Pretty tired, I was looking for “my” doctor for a long time, read reviews and came across this clinic.According to the reviews, I wanted to get a personal one to Oleg Sergeevich.

After visiting the clinic and the doctor I was in shock, in a good understanding of the word. Are there really such places? Such clinics? Such conditions, attitude, and most importantly the doctors? In general, there is a small children’s corner in the doctor’s office where the child can play while the mother is talking with the doctor. Then the doctor examines the child, calmly, explaining everything to him, showing him all the tools and telling him what he will do. I won’t even write anything about equipment, so everything is clear.As a result, we received the appointment of a doctor.

At the same time, no fuflomycins and a list of drugs on two sheets, as ENT doctors usually prescribe. Naturally, during the treatment, they came for an examination. In our case, after undergoing treatment and in order to avoid complications from adenoids, it was decided to have an operation.

We operated in the same clinic and Oleg Sergeevich himself performed it. Everything was on top. Having collected the necessary tests, we arrived at the clinic on the morning of the operation, we were admitted and escorted to the ward.The conditions of stay are wonderful. Everything is clean, modern and has everything you need.

At the appointed time, we were examined by an anesthesiologist, he told in detail how the operation would take place, what kind of anesthesia, how the child is used, how they deduce what is normal and what is not, answered all the questions, and mothers usually have a lot of them. And most importantly, the mother is allowed into the operating room and you hold your baby until he falls asleep, he hears and feels you.

After the operation begins. It usually lasts no more than half an hour.Oleg Sergeevich himself operated on us. Before the baby is taken out of anesthesia, the mother is invited to the operating room and, opening his eyes, he again sees his mother. It is very important!!!

I would especially like to note that after the operation both the anesthesiologist and the surgeon check the child’s condition several times. Honey. the staff are very attentive and polite. As a result, the operation was successful and, after observing us for several hours, after lunch they let us go home with a mandatory examination and left the doctor’s phone for communication if necessary.

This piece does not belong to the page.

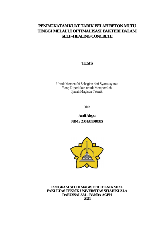 Andi Alepu, PENINGKATAN KUAT TARIK BELAH BETON MUTU TINGGI MELALUI OPTIMALISASI BAKTERI DALAM SELF-HEALING CONCRETE. Banda Aceh Program Studi Magister Teknik Sipil,2024
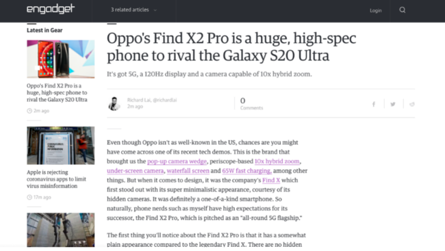 engadget则称:OPPO Find X2 Pro满足我们对5G旗舰手机的所有期望,具有极高规格手机,可与三星Galaxy S20 Ultra相媲美。

The baby’s nose began to breathe immediately after the operation, and when all the swelling after the operation was asleep, breathing became almost noiseless, her mouth closed, her mood improved. And what a good night! And another very important point, our enuresis went away right away.

I myself was very skeptical about this relationship: adenoids = enuresis. But on my own example, I was convinced that this is directly related. It’s all gone. Yes, the services of this clinic and specialists are not cheap. But it’s worth it !!! And I never regretted that I found an opportunity, although it was not easy, and decided to contact the GMS clinic.